* **PROVIDED MATERIAL**
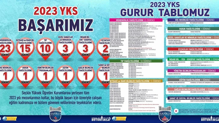 SANKO Okulları 2023 Mezunları, Yüksek Öğretim Kurumları Sınavı (YKS) yerleştirme sonuçlarının açıklanmasıyla başarılarını taçlandırdı.
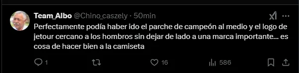 El problema es que rompe con la armonía de la camiseta del Centenario. De hecho, no son pocos los que opinan que, perfectamente, se pudo ubicar el parche en una de las mangas de la camiseta para que todo se viera uniformemente repartido. O, simplemente, poner una de las marcas del medio en otro lugar. Aunque eso ya es casi imposible por un tema contractual con el auspicio.
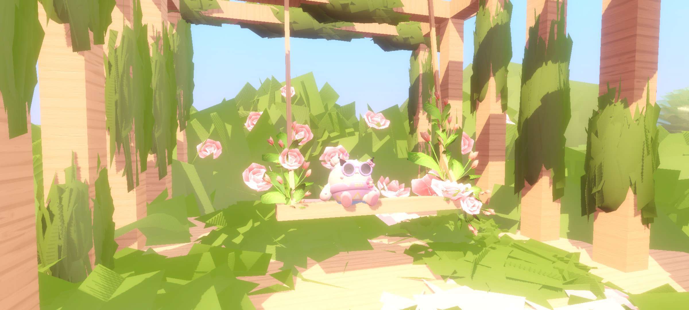 最后一个场景就是秋千啦!秋千背后也是有蔷薇花,进行点缀 边上的柱子也有苔藓做点缀相称

* **EXERCISE DIRECTIONS**
Omit the pictures, then set down all the remaining data exactly as given.

* **EXERCISE RESULT**
 SANKO Okulları 2023 Mezunları, Yüksek Öğretim Kurumları Sınavı (YKS) yerleştirme sonuçlarının açıklanmasıyla başarılarını taçlandırdı.
 El problema es que rompe con la armonía de la camiseta del Centenario. De hecho, no son pocos los que opinan que, perfectamente, se pudo ubicar el parche en una de las mangas de la camiseta para que todo se viera uniformemente repartido. O, simplemente, poner una de las marcas del medio en otro lugar. Aunque eso ya es casi imposible por un tema contractual con el auspicio.
 最后一个场景就是秋千啦!秋千背后也是有蔷薇花,进行点缀 边上的柱子也有苔藓做点缀相称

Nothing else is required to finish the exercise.